#### WHAT YOU HAVE TO DO
Repeat word for word the lines starting at the one with "Suponiendo que ya" and ending at the final line of the material, both ends included; omit pictures.

#### LISTED ENTRIES
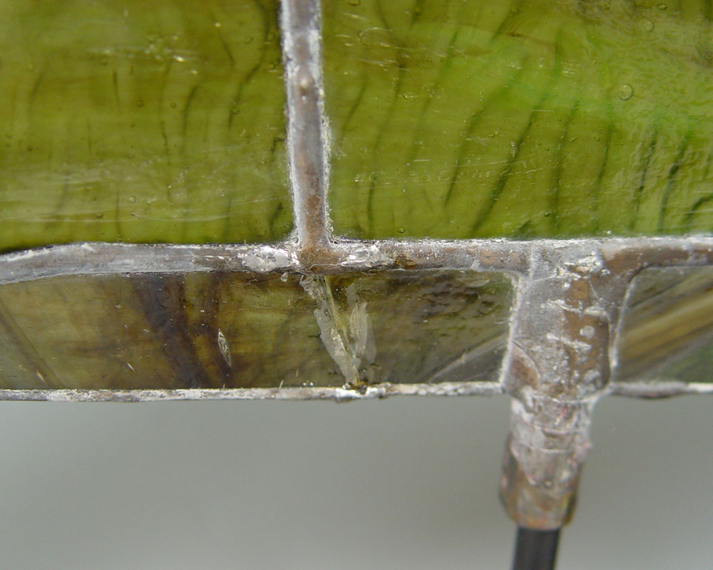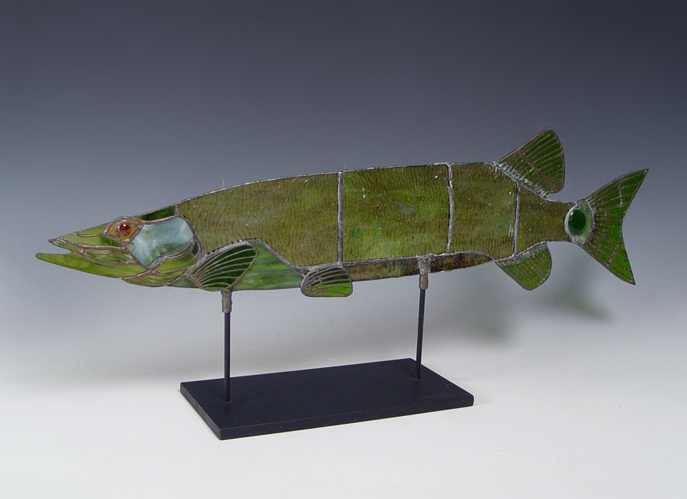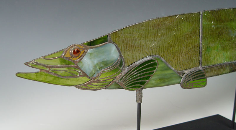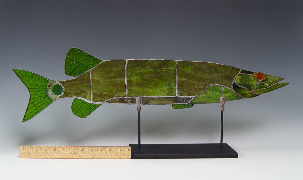 FIGURAL STAINED GLASS FISH ON STAND: Leaded green glass fish mounted on custom iron stand. The fish is 32'' long, 12'' tall include the stand.
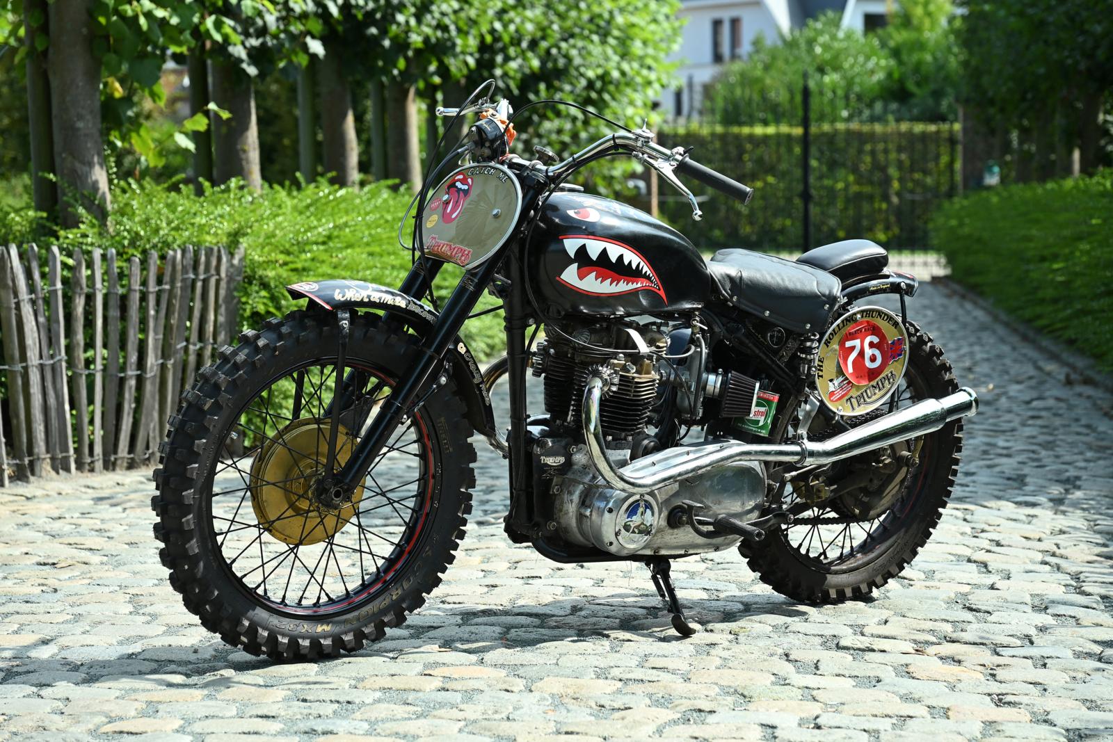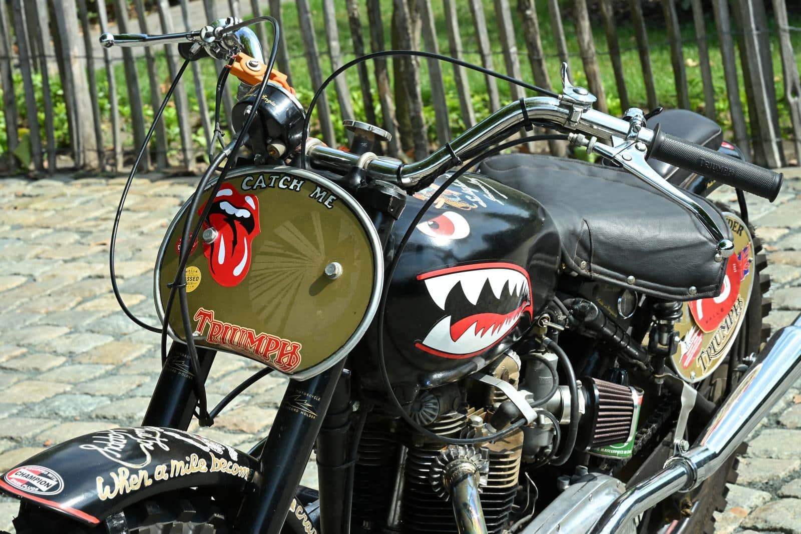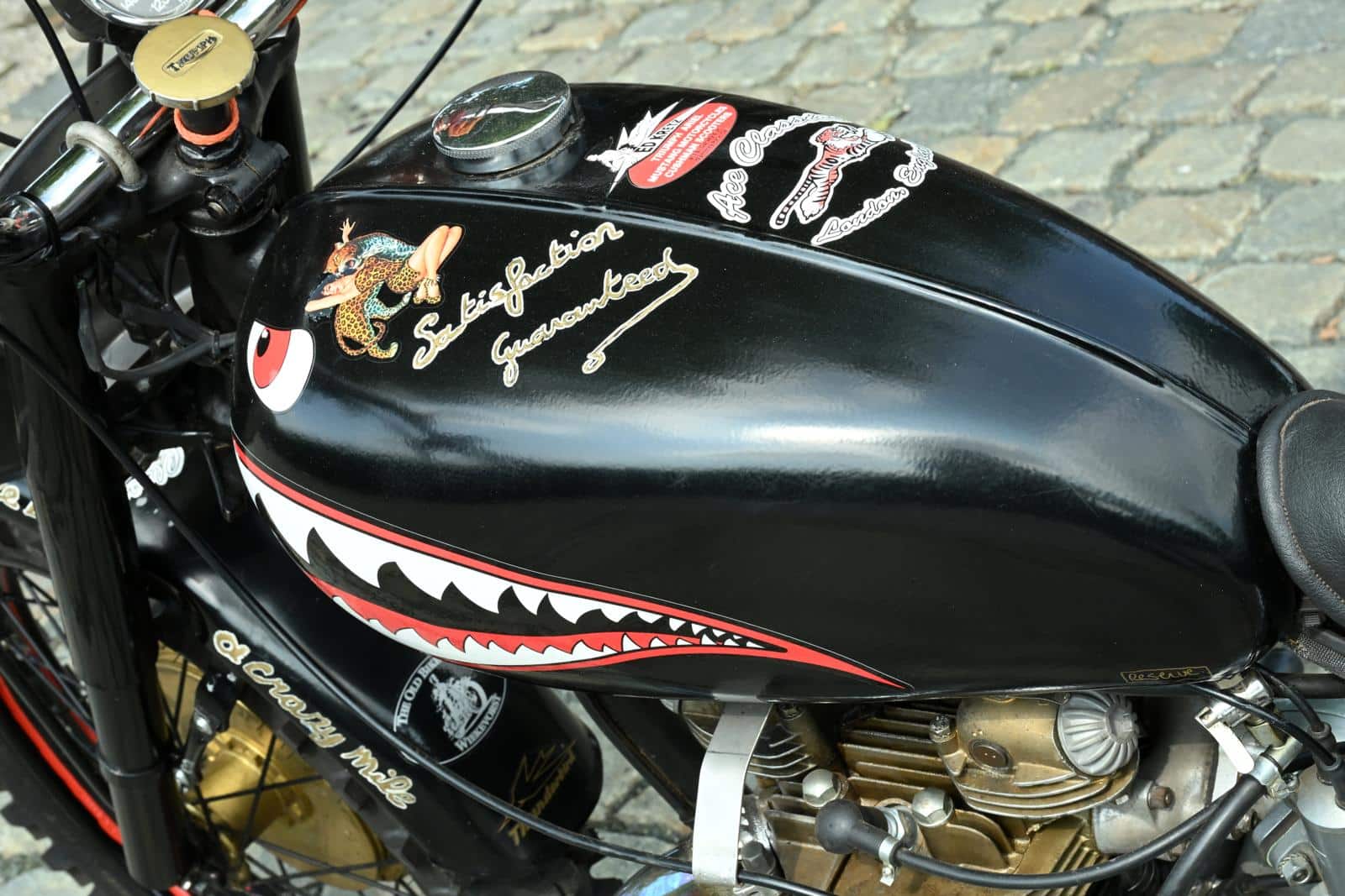 Voorafgaand aan de zoektocht naar een donormachine wist Joris al wat hij wou. Het moest een Triumph met een stijf Rigid frame zijn. Schokdempers zitten er dus niet op. Met de ‘sprung hub’, een in het achterwiel geïntrigeerde veringnaaf, beschikt de motor toch over enkele centimeters demping. Het klassiek Lycett zadel, dat voorzien is van twee ooit eens ergens in Nederland bestelde amortisseurkes (veren), vangt de overige schokken een tikkeltje op. “Om de zwarte laklaag te spuiten ben ik de kelder ingedoken,” lacht Joris. “De haaienstickers zijn op bestelling gemaakt. Zo’n sticker had ik ooit eens gezien op een foto van een sidecar. Dat vond ik wel iets hebben. De cilinderkop is goudkleurig gespoten, bij vooroorlogse machines was dat brons. De motor heeft geen specifieke doeleinden en vertoeft meestal in de schuur. Hij werd gebruikt voor deelnames aan strandraces en de Malle Mile. Op dergelijke wedstrijden moet de motor goed marcheren, maar het hoofddoel blijft plezier. Eenmaal aan de startlijn verdwijnt het normale verstand en komt de adrenaline naar boven. Een podium of lauwerkransen zijn echter geen vereiste. Het is eerder een stoeipartij tussen taaie rakkers, die mentaal 16 jaar gebleven zijn. Toch moet er voor de volgende race een sterker blok in en andere uitlaten op. Het competitiebeestje is nog lang niet dood. Anderzijds kan ik op een uurtje schroeven de twin terug straatlegaal maken. De lichtschakelaar zit verscholen in een origineel Castrol olieblikje aan de zijkant.”
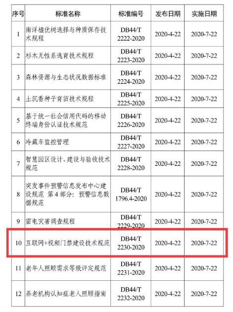 4月22日,廣東省市場監(jiān)督管理局《廣東省地方標(biāo)準(zhǔn)批準(zhǔn)發(fā)布公告》(2020第1號(總第 204 號))批準(zhǔn)發(fā)布12項地方標(biāo)準(zhǔn)。其中,由廣東省公安廳科技信息化總隊提出并委托我會牽頭制訂的廣東省地方標(biāo)準(zhǔn)《互聯(lián)網(wǎng)+視頻門禁建設(shè)技術(shù)規(guī)范》(以下簡稱“規(guī)范”) DB44/T2230-2020予以發(fā)布,并于2020年7月22日開始實施。
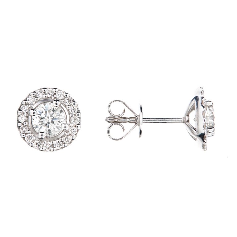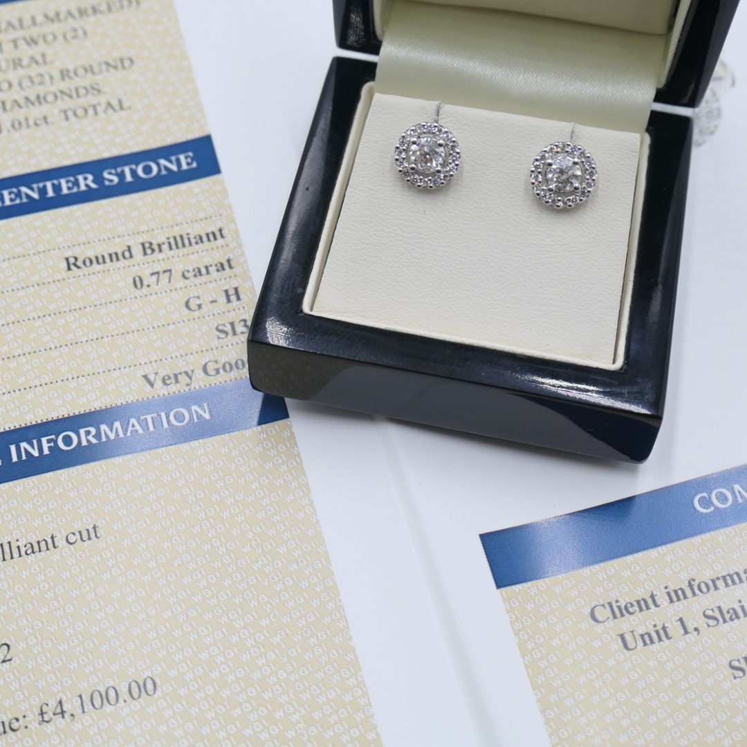 A brand-new, unused certified pair of natural diamond round-shaped cluster earrings that radiate timeless sophistication and captivating brilliance. Each earring features a central round brilliant-cut natural diamond, totalling 0.77 carats across the pair, graded G–H in colour and SI3 in clarity. Surrounding each centre stone is a halo of smaller brilliant-cut diamonds, totalling 0.24 carats, graded G–H in colour and SI1–SI2 in clarity. Together, they create a mesmerising sparkle that catches light from every angle, celebrating the purity, fire, and authenticity that only natural diamonds possess. The beautifully balanced design exudes elegance and refinement, making these earrings an exquisite expression of classic luxury.
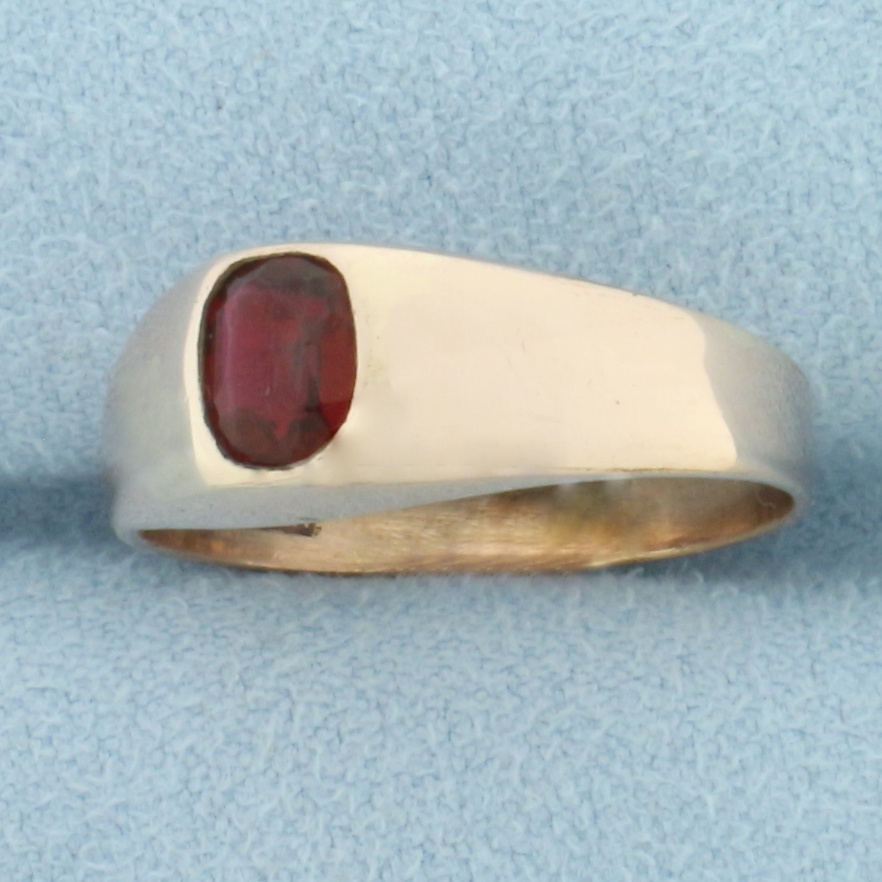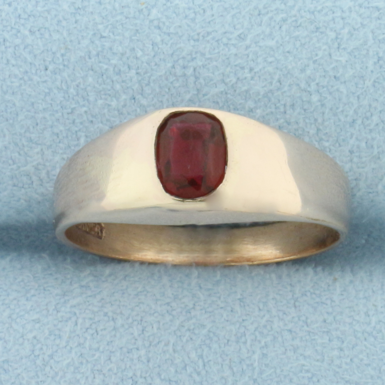 Rose gold plated. Contains one high quality 6.3mm by 5mm synthetic ruby with vibrant color and excellent clarity. Size: 8. 2.3g.
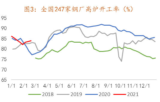 钢厂高炉开工逐步恢复。一方面,假期结束,务工人员返城,终端钢材需求逐步启动;另一方面2020年底钢厂由于疫情影响原料紧张,部分钢厂提前检修,节后或提前恢复正常生产。截至2月19日,Mysteel调研247家钢厂高炉开工率83.98%,环比上周增加0.78%,同比去年同期增加6.90%;高炉炼铁产能利用率92.19%,环比增加1.25%,同比增加12.09%;钢厂盈利率77.06%,环比增加1.30%,同比降9.96%;日均铁水产量245.38万吨,环比增3.32万吨,同比增加32.19万吨。
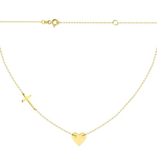 Złoty naszyjnik serce z poprzecznym krzyżykiem
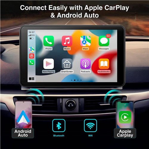The Laser 7' Portable Apple CarPlay/Android Auto Touchscreen brings Apple CarPlay and Android Auto technologies to any vehicle. offering convenience. safety. and functionality. It integrates with your car. keeping you connected and entertained while on the road. With voice assist commands. you can send messages. make phone calls. or select your favourite music tracks without taking your hands off the steering wheel.
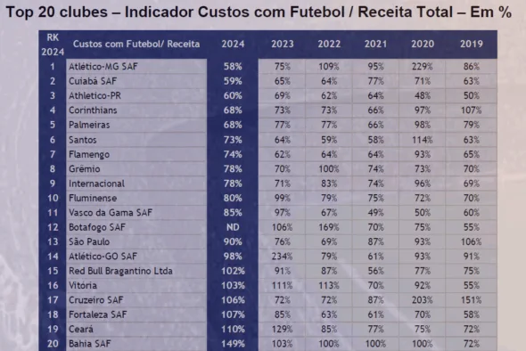 O cenário ideal é de gastos inferior a 80% do faturamento. E neste caso vale elogiar não só o Atlético-MG e Cuiabá como outros clubes em destaque no ranking. Dos 20 mapeamentos, os nove primeiros mantiveram sua proporção dentro da média ideal.
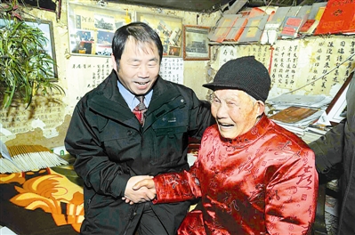2012年2月1日一早,在距离平顶山市区10多公里的五虎刘村,刘嘉老人的小茅庵院里院外都贴上了崭新的对联,10多个乡亲忙碌着,为寿宴做着准备。
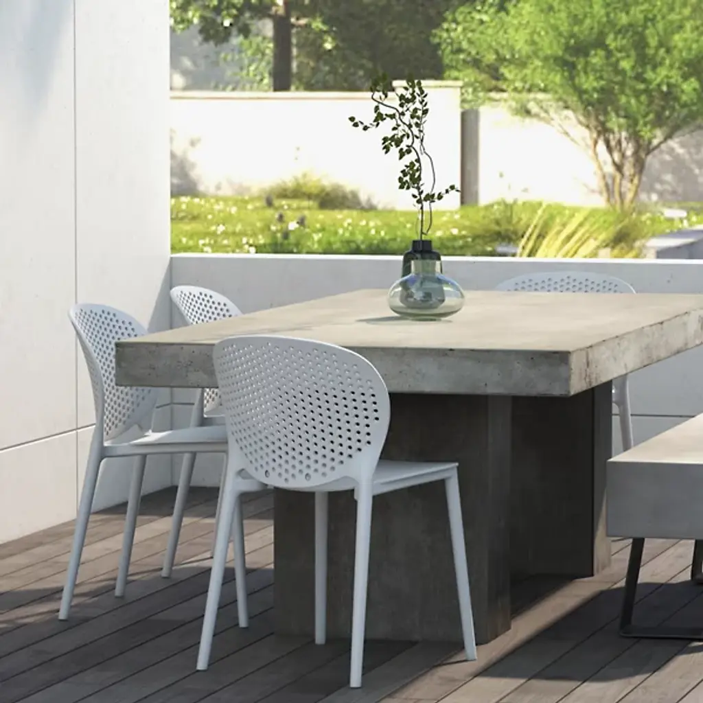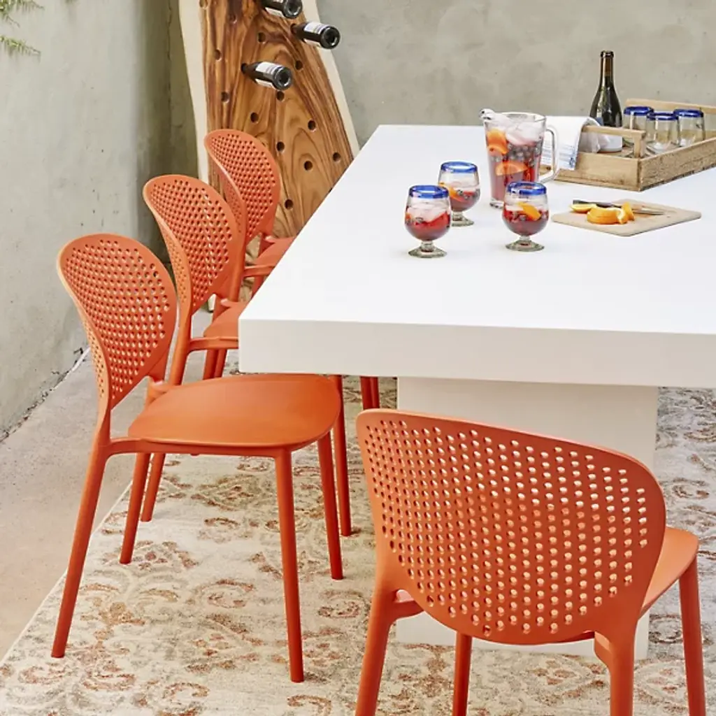 Sleek, sturdy and colorful. The Metro Bailey Side Chair - Set of 4 by Urbia will instantly enhance the form and functionality of a dining room or eat-in-kitchen. Injection-molded plastic construction ensures durability, while a perforated back provides a comfortably cool sitting experience. Stackable convenience also makes for easy storage, as well as portability for whenever extra chairs are needed.
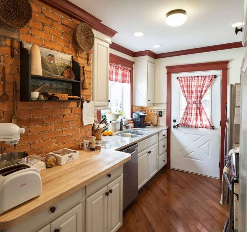 Ainsi, toutes les astuces, recommandations et astuces utiles ont été prises en compte. Il est temps de faire un choix spécifique pour votre propre cuisine intérieure étroite. Vous devriez commencer par la sélection des couleurs. Le meilleur choix est un fond clair, des détails riches. Pour la décoration murale, vous pouvez choisir des couleurs blanc, sable, beige.
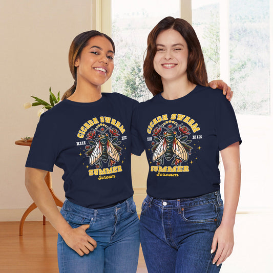 Cicada Swarm | Double Emergence | Summer | 221-year Brood Reunion | 2024 | Adult Jersey Short Sleeve Tee
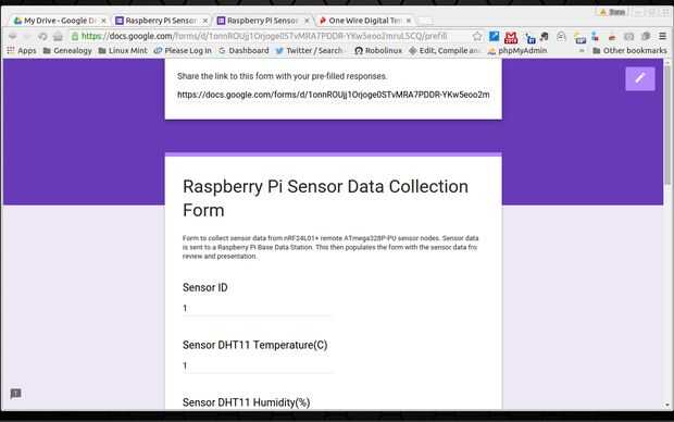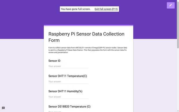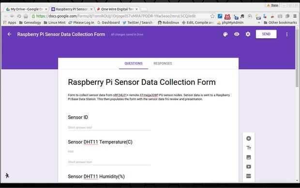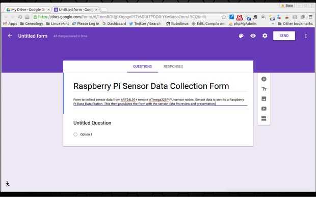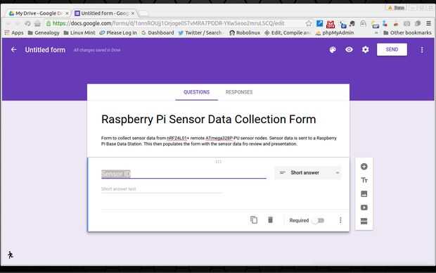 Suponiendo que ya tenemos una cuenta de Google, es tiempo para crear un formulario para recoger datos de los sensores. Lo siguiente asume cierta familiaridad con la creación de la forma de Google.
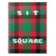 The image features a traditional tartan plaid pattern, a hallmark of Scottish textiles. Superimposed on this rich fabric are the words "SIT" and "SQUARE," arranged vertically. The word "SQUARE" incorporates small cartoonish figures embedded within the letters, adding a whimsical touch. The composition is balanced and focused, emphasizing both the tartan design and the text.

#### ANSWER TO THE EXERCISE
 Suponiendo que ya tenemos una cuenta de Google, es tiempo para crear un formulario para recoger datos de los sensores. Lo siguiente asume cierta familiaridad con la creación de la forma de Google.
 The image features a traditional tartan plaid pattern, a hallmark of Scottish textiles. Superimposed on this rich fabric are the words "SIT" and "SQUARE," arranged vertically. The word "SQUARE" incorporates small cartoonish figures embedded within the letters, adding a whimsical touch. The composition is balanced and focused, emphasizing both the tartan design and the text.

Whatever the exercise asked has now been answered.